What is RNA interference (RNAi)?
A post-transcriptional gene regulation mechanism in which small RNA molecules (like miRNA) guide protein complexes to degrade or block translation of target mRNA sequences.
What is a proto-oncogene?
An unmutated gene in normal cells that stimulates cell division. They are expressed in balance with tumor suppressor genes to regulate normal cell growth.
What is an oncogene?
A mutated proto-oncogene that causes overactivity in cell division, potentially leading to cancer. Proto-oncogene → oncogene via mutation.

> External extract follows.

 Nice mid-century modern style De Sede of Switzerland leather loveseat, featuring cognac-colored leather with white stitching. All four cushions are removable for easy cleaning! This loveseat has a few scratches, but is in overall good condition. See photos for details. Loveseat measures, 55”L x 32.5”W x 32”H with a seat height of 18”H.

What is a tumor suppressor gene?
An unmutated gene that inhibits cell division. It acts as a brake on cell growth. Both alleles must be mutated/inactivated for the gene to lose its inhibitory function (two-hit hypothesis).
Why must both alleles of a tumor suppressor gene be mutated to cause cancer?

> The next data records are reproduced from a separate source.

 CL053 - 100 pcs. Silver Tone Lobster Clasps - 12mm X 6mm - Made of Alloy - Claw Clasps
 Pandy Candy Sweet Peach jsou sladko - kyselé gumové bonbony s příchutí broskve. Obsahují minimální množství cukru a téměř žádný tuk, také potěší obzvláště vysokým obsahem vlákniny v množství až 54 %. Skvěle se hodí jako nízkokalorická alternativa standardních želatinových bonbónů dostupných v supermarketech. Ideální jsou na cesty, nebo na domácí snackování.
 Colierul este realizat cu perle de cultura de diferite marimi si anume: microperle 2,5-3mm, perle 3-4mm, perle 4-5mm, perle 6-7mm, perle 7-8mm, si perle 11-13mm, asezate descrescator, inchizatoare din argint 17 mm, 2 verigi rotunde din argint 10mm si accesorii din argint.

Because one functional copy is sufficient to inhibit cell division. Both copies must be lost for the tumor-suppressive function to be eliminated.
How do oncogenes and tumor suppressor genes both lead to cancer, and how do they differ?
Oncogenes cause cancer by being overactive (too much stimulation of division). Mutated tumor suppressor genes cause cancer by losing inhibition (not enough braking of division). Both result in uncontrolled cell growth, but through opposite mechanisms.
What is the difference between hereditary and sporadic cancer?
Hereditary cancers run in families and are due to inherited mutations in tumor suppressor genes or proto-oncogenes. Sporadic cancers are not inherited and result from new (somatic) mutations in those same genes.
What are driver mutations in cancer?
Mutations that directly drive tumor formation and progression — they provide a growth advantage to cancer cells.
What are passenger mutations in cancer?
Mutations present in tumor cells that have no effect on cancer progression — they are "along for the ride" but do not contribute to tumor growth.